Array.from(document.querySelectorAll('*')).map(el => [el, getComputedStyle(el).zIndex]).filter(v => !isNaN(parseInt(v[1]))).sort((a, b) => b[1] - a[1]).slice(0, 5)

Answer 1

This is a modified version of kennebec's/Pravens code which finds the highest z-index within a stacking context. This version also takes opacity into account.

If all you're looking for is to position an element on top of everything else in the page, simply call highZ(document.body) or just highZ(). It finds the highest z-index of the root stacking context which will do exactly that.

• Only non-statically positioned elements matter within a stacking context.
• Elements that are not positioned do not start a new stacking context. So their descendents may exist in the current stacking context. Hence the recursion.
• Also, if the z-index is 'auto', the element does not start a new stacking context, so you must recurse through its elements.

• elements with an opacity value less than 1 start a new stacking context. If an element with opacity less than 1 is not positioned, implementations must paint the layer it creates, within its parent stacking context, at the same stacking order that would be used if it were a positioned element with ‘z-index: 0’ and ‘opacity: 1’. If an element with opacity less than 1 is positioned, the ‘z-index’ property applies as described in [CSS21], except that ‘auto’ is treated as ‘0’ since a new stacking context is always created.

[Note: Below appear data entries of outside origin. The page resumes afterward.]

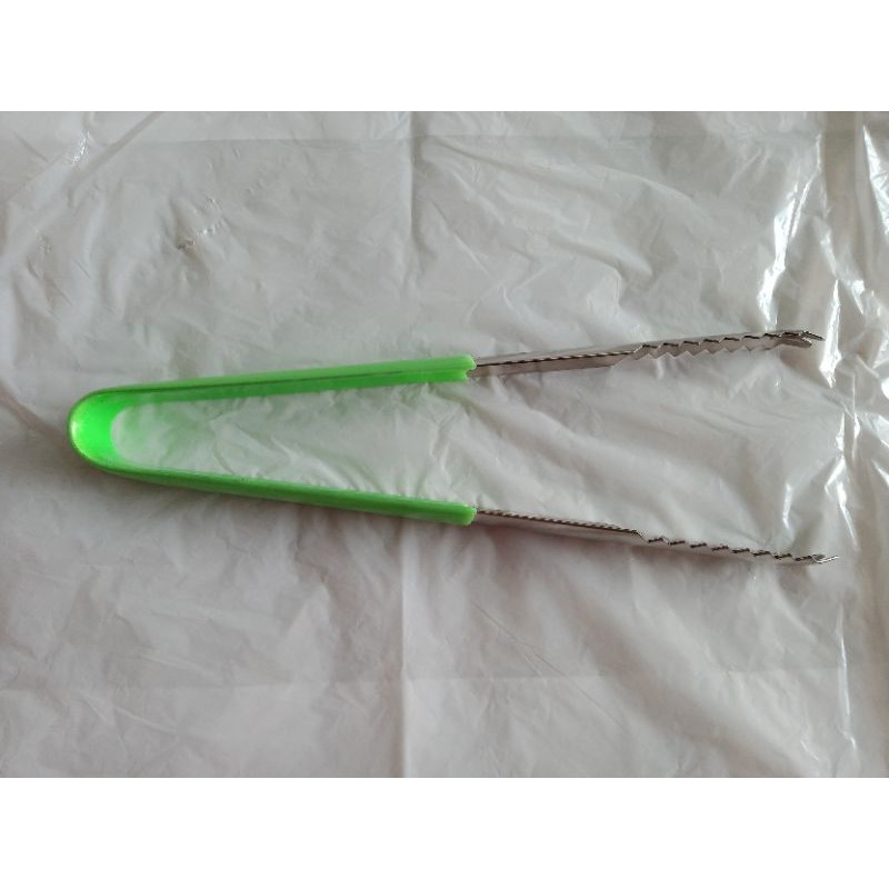 ukuran 6cmCapitan atau biasa dikenal penjapit makanan.ada varian warna merah.hijau,biru.tdk bisa request warna Krn tergantung stock yg ada. bahan kuat stainless steell dilapisi gagang karet anti panas. Tidak len
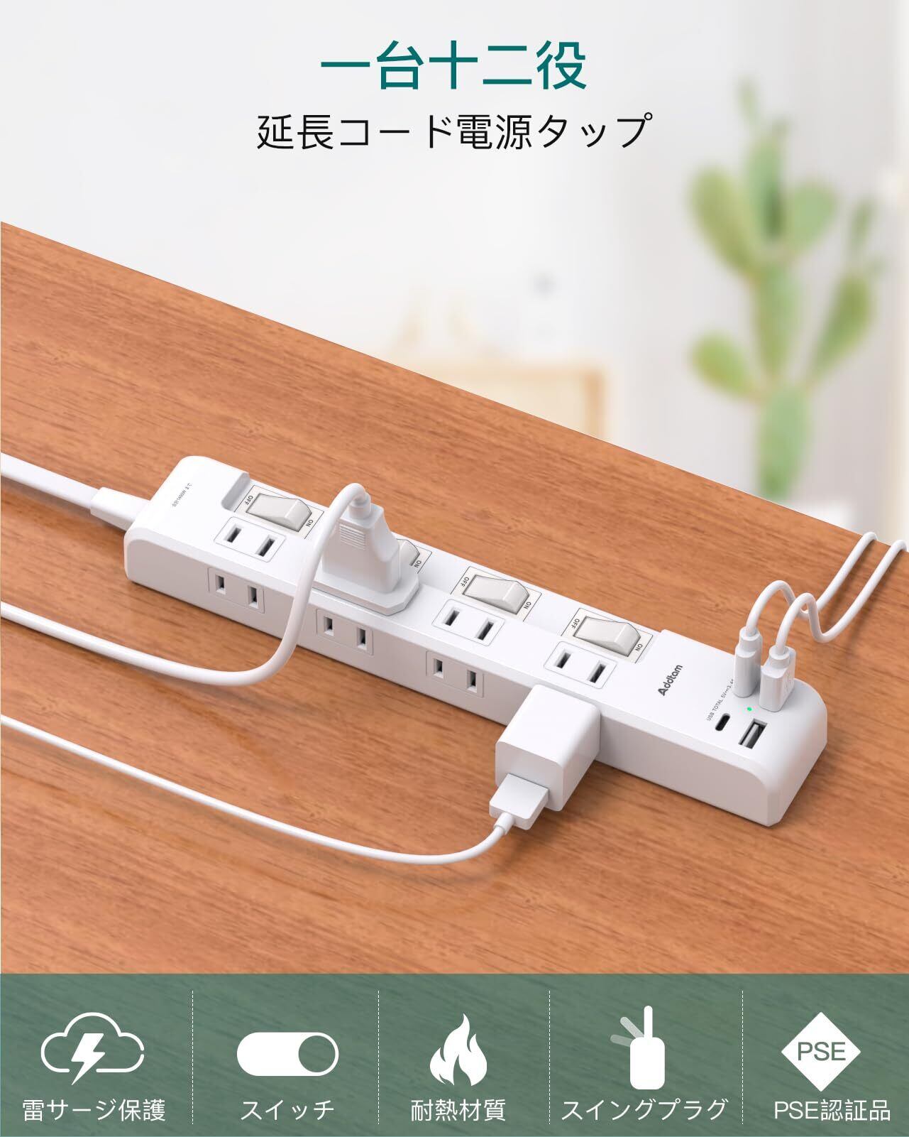 「Addtam 延長コード」は、充実した機能で家庭やオフィスの様々なニーズに応える電源タップです!8個のAC口と2つのUSB-Aポート、さらに2つのType-Cポートを搭載しているため、デバイスを同時に多く接続・充電することが可能です。シックなブラックデザインは、どんなインテリアにも調和します。
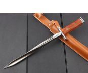 五六螺旋三棱军刺(原木柄) 全长:40CM 刃长:28.5CM 刃材料:三棱刃不锈钢,螺旋状 柄长:11CM 重量:450克 刀鞘:PU皮
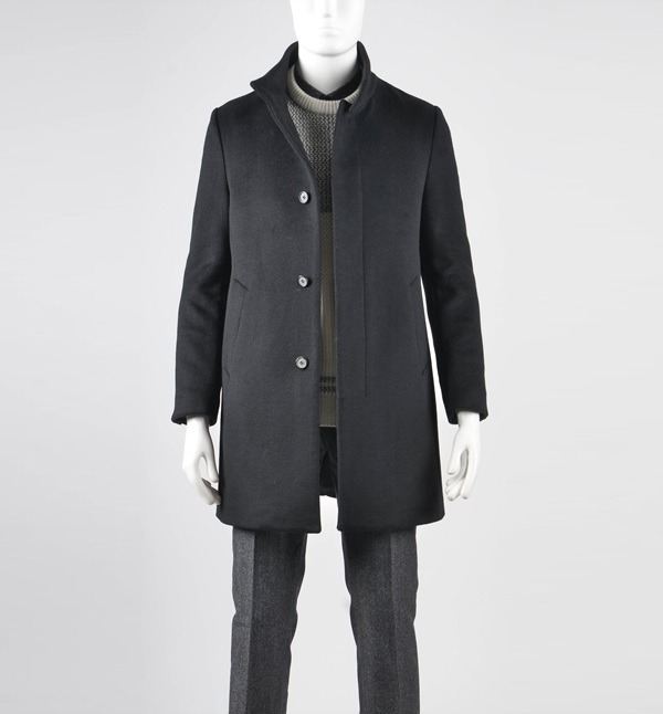 목칼라부분이 하이넥으로 나온 블랙색상의 코트로히든단추와 너무길지않은 길이감으로 포인트를 준 코트입니다.
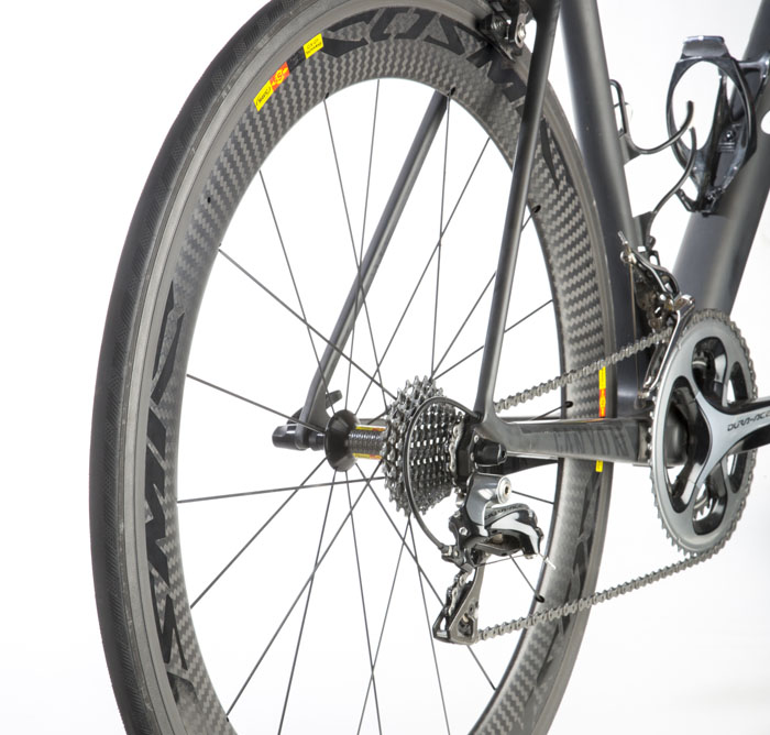 En cuanto a su construcción, la llanta de aluminio Maxtal aligerada y con soldadura SUP se une a un fino perfil de carbono 12K, al que en este caso no van anclados los radios -planos y conficados, 16 delante rectos y 20 detrás, a 2 cruces en el lado del piñón y rectos en el contrario-, esa labor recae sobre la llanta, por lo que para acceder a sus cabecillas tendremos que desmontar los perfiles aerodinámicos, la cubierta, cámara y el fondo de llanta. Los bujes son utilizados en otros modelos Cosmic, con flancos aerodinámicos, unidos mediante un cilindro de carbono y rodamientos sellados regulables con facilidad mediante una llave incluida.
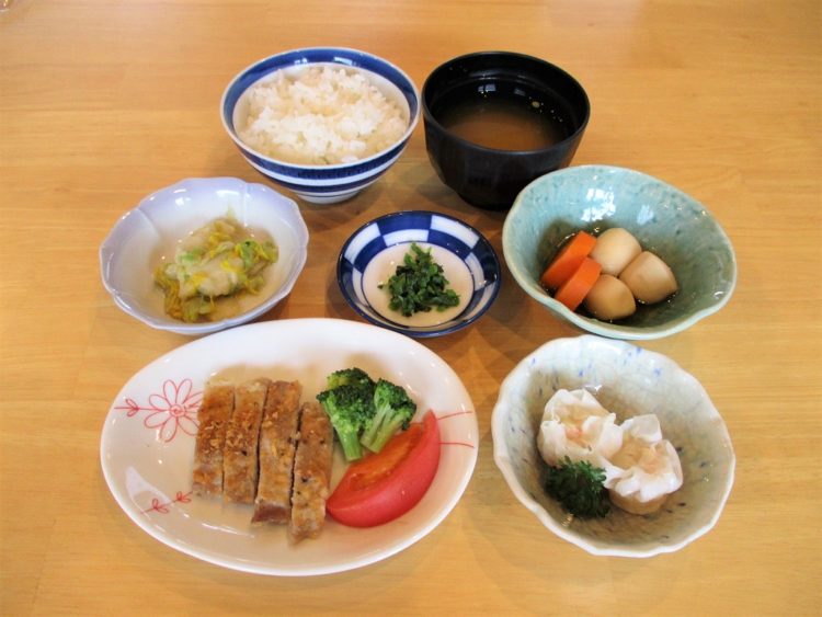 ご飯、玉葱のみそ汁、豚肉のパン粉焼き、里芋の煮物、蒸しシュウマイ、白菜の辛子和え、
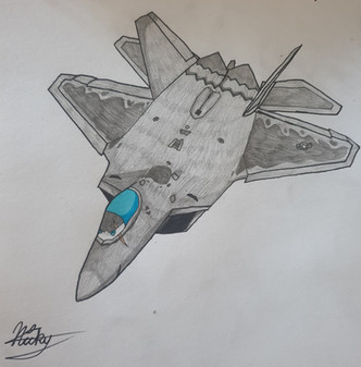 The F-22 Raptor is one of the most sophisticated fighter jet in the world, developped by Lockheed Martin, a American aeronautical company, it cost so much that even the United States Air Force can't brought a large number of themSame thing as the P-51D Mustang [link] First a draft in 0.7mm mechanical pencil on binder sheet, and the final version with ballpoint pen and colored pencil on white paper
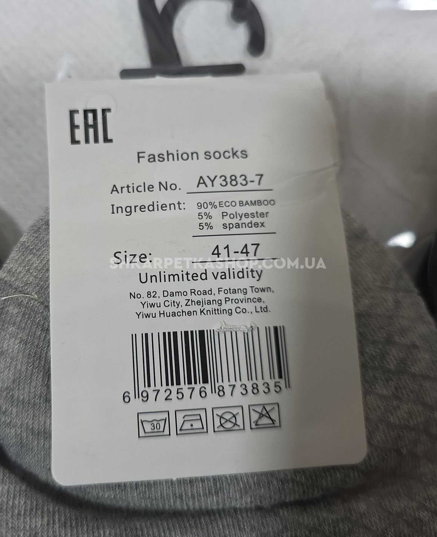 Шкарпетки "Корона" AY-383-7 стрейч /бамбук чоловічі, р. 41-47 -асорті -(Однотонні +широка гумка в рубчик +посередині резинка фіксатор) -уп. 10 шт

  function highZ(parent, limit){
      limit = limit || Infinity;
      parent = parent || document.body;
      var who, temp, max= 1, opacity, i= 0;
      var children = parent.childNodes, length = children.length;
      while(i<length){
          who = children[i++];
          if (who.nodeType != 1) continue; // element nodes only
          opacity = deepCss(who,"opacity");
          if (deepCss(who,"position") !== "static") {
              temp = deepCss(who,"z-index");
              if (temp == "auto") { // positioned and z-index is auto, a new stacking context for opacity < 0. Further When zindex is auto ,it shall be treated as zindex = 0 within stacking context.
                  (opacity < 1)? temp=0:temp = highZ(who);
              } else {
                  temp = parseInt(temp, 10) || 0;
              }
          } else { // non-positioned element, a new stacking context for opacity < 1 and zindex shall be treated as if 0
              (opacity < 1)? temp=0:temp = highZ(who);
          }
          if (temp > max && temp <= limit) max = temp;                
      }
      return max;
  }
  
  function deepCss(who, css) {
      var sty, val, dv= document.defaultView || window;
      if (who.nodeType == 1) {
          sty = css.replace(/\-([a-z])/g, function(a, b){
              return b.toUpperCase();
          });
          val = who.style[sty];
          if (!val) {
              if(who.currentStyle) val= who.currentStyle[sty];
              else if (dv.getComputedStyle) {
                  val= dv.getComputedStyle(who,"").getPropertyValue(css);
              }
          }
      }
      return val || "";
  }
  

Answer 2

You only need sibling elements to find the highest z-index, so start with a parent element or the body.

And often you have some element with a really high z-index that you want to be always on top- if so, ignore z indexes over a million or whatever is safely above the number of siblings.

You can do it in one function, but the syntax for finding stylesheet values is handy to have around.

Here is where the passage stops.